High-resolution image reconstruction with latent diffusion models from human brain activity

🔥INFO

Blog: 2025/07/21 by IgniSavium

Title: High-resolution image reconstruction with latent diffusion models from human brain activity
Authors: Yu Takagi, Shinji Nishimoto (Osaka University)
Published: March 2023
Comment: CVPR
URL: https://www.biorxiv.org/content/10.1101/2022.11.18.517004v3

🥜TLDR: Image reconstruction via training-free latent diffusion models ( Stable Diffusion) with fMRI inputs.

Motivation

This research aims to improve the reconstruction of high-resolution, semantically accurate images from human brain activity (fMRI) using training-free latent diffusion models (LDMs), addressing the limitations of previous deep generative models that required complex training and fine-tuning, by offering a more efficient and interpretable method with minimal computational cost.

Model

Architecture

Overall a Latent Diffusion Model framework (actually Stable Diffusion ): $ \epsilon $ denotes an image encoder, $ D $ is a image decoder (they are a pair of autoencoder).

only train 2 (small linear) parts:

(1) fMRI -> original image latent $z$ (a simple coarse network approximation)

(2) fMRI -> conditional "text" (i.e. semantic) $c$

Evaluation

No comparable previous work exists, so this paper almost only provides ablation and visualization analysis.

Ablation

Perceptual Similarity Metrics (PSMs):

$z$ represents the low-level semantics, and $c$ captures the high-level abstraction semantics.

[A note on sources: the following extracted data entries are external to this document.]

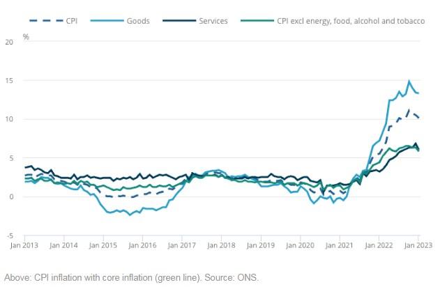 图:CPI通胀,带核心通胀(绿线) 来源:英国国家统计局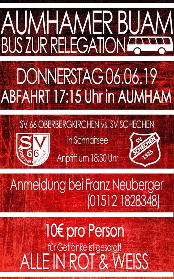 Zum Relegationsspiele am Donnerstag, 06. Juni 2019 gegen den SV Schechen wird von Oberbergkirchen aus ein Bus eingesetzt.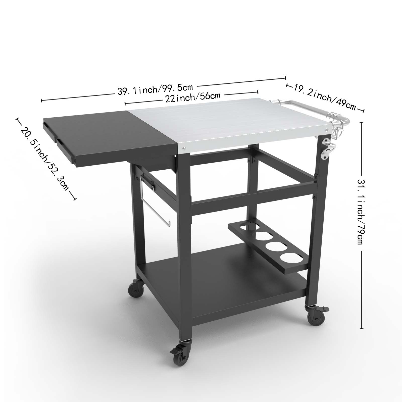 This versatile rolling cart transforms to meet your every need—serving equally well as an outdoor pizza prep station, mobile kitchen island, storage organizer, patio serving table, entertainment bar cart, BBQ grilling center, garden potting bench, dining-side assistant, or tool caddy. Seamlessly adaptable for both indoor and outdoor use, it’s the only cart designed to keep pace with your lifestyle.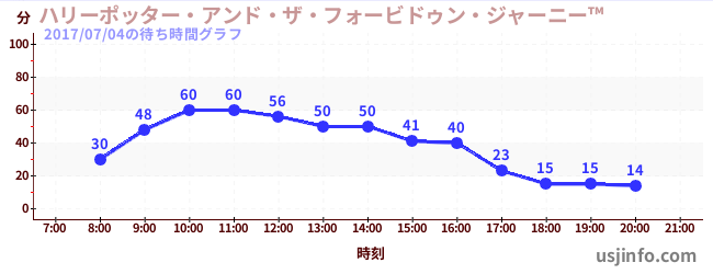 • ハリーポッター・アンド・ザ・フォービドゥン・ジャーニー™$B$N(B2017年07月04日の待ち時間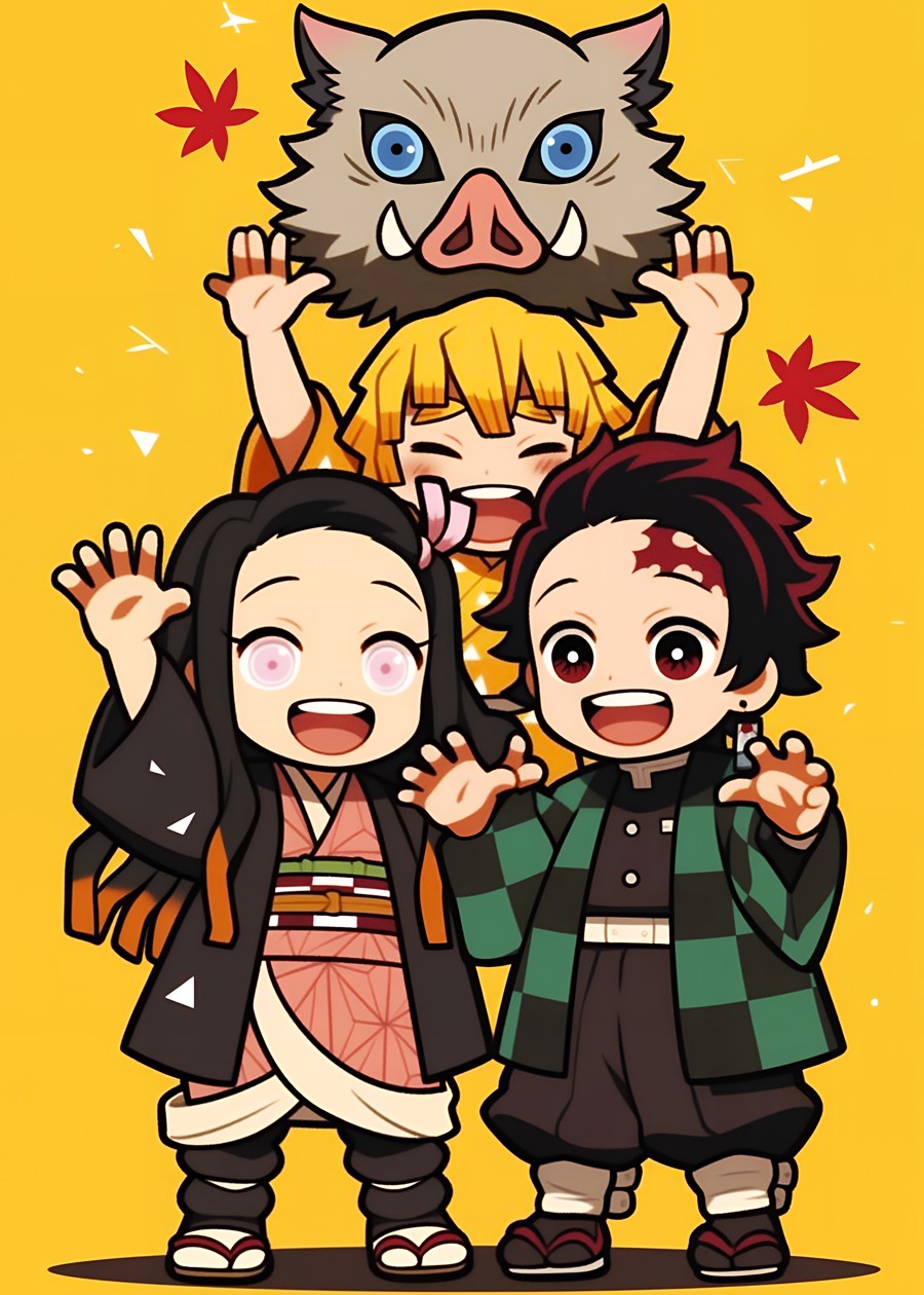 Tanjiro, Nezuko, Zenitsu, and Inosuke form a playful stack on a yellow backdrop with red stars, all smiling and waving with joy.

Reverse Encoding Visualization

Reversely map the features or components in the LDM BACK INTO the fMRI inputs (to find semantic relationships).

$z,c,z_c$ feature

Different latent representations (z, c, and $z_c$) show varying prediction performance across visual cortex regions, with z performing well in early visual cortex, c excelling in higher visual cortex, and $z_c$ closely resembling z in its performance, despite representing visually different images

$z,c$ semantic balancing with varying noise level

As noise levels increased, the latent representation with added noise ($z_c$) predicted voxel activity in higher visual cortex better (🤔thanks to high-level condition $c$) than the original representation ($z$)

$z, c$ semantic balancing at different denoising timesteps

During the denoising process, early stages were dominated by the original image representation (z), while mid-stages saw the noise-added representation ($z_c$) ( 🤔thanks to high-level condition $c$) better predict activity in higher visual cortex.

denoise network per-layer semantic interpretation

The U-Net bottleneck layer initially captures the most information across the cortex, but as denoising progresses, early U-Net layers become more predictive of early visual cortex activity while the bottleneck layer shifts to representing higher-level semantic information in higher visual areas.